The crew's first start ended with failure: just before the finish of the Chumatskyy Shlyakh Rally, the red Mitsubishi Lancer Evo lost the pace and couldn't come back on the road. But it was the only failure of the 2010 season – after that the crew won the Mariupol, Galicia and Kyivska Rus rallies, and before the final round of the championship became the main contender for the title. Finally Saliuk and Cherepin became 7th at the Yalta Rally, and Saliuk won the title among the drivers. At the same time Cherepin, who started the season from the second event, didn't collect the needed points and became only vice-champion of Ukraine among the co-drivers.

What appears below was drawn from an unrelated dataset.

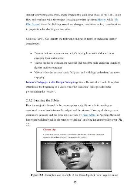 elicit more intimacy and the close up is defined by Freer (2013) as ‘perhaps the most

The same year, the crew made its debut in foreign competitions, taking part in two rounds of the Latvian championship, as well as in the Estonian Rally Saaremaa. By the end of the Rally Latvia Saliuk and Cherepin ranked second in class N4, and it remains the best result for Ukrainian crews in Latvian rally competitions.

The next Ukrainian championship, unlike the previous one, began successfully for the crew - with a convincing victory in the Chumatskyy Shlyakh Rally. However, soon after Saliuk got a shoulder injury playing squash, so the crew passed the following two rounds of the championship. After an enforced break Saliuk and Cherepin started in the Kyivska Rus rally, but retired early. As a result, in the final standings of the 2011 Ukrainian championship Pavlo Cherepin only obtained 10th position.

After that, the majority of Cherepin's starts were at foreign competitions. In Ukrainian rallies he appeared only once - with Oleksiy Kikireshko at the 2012 Galicia rally where the crew took 4th place overall.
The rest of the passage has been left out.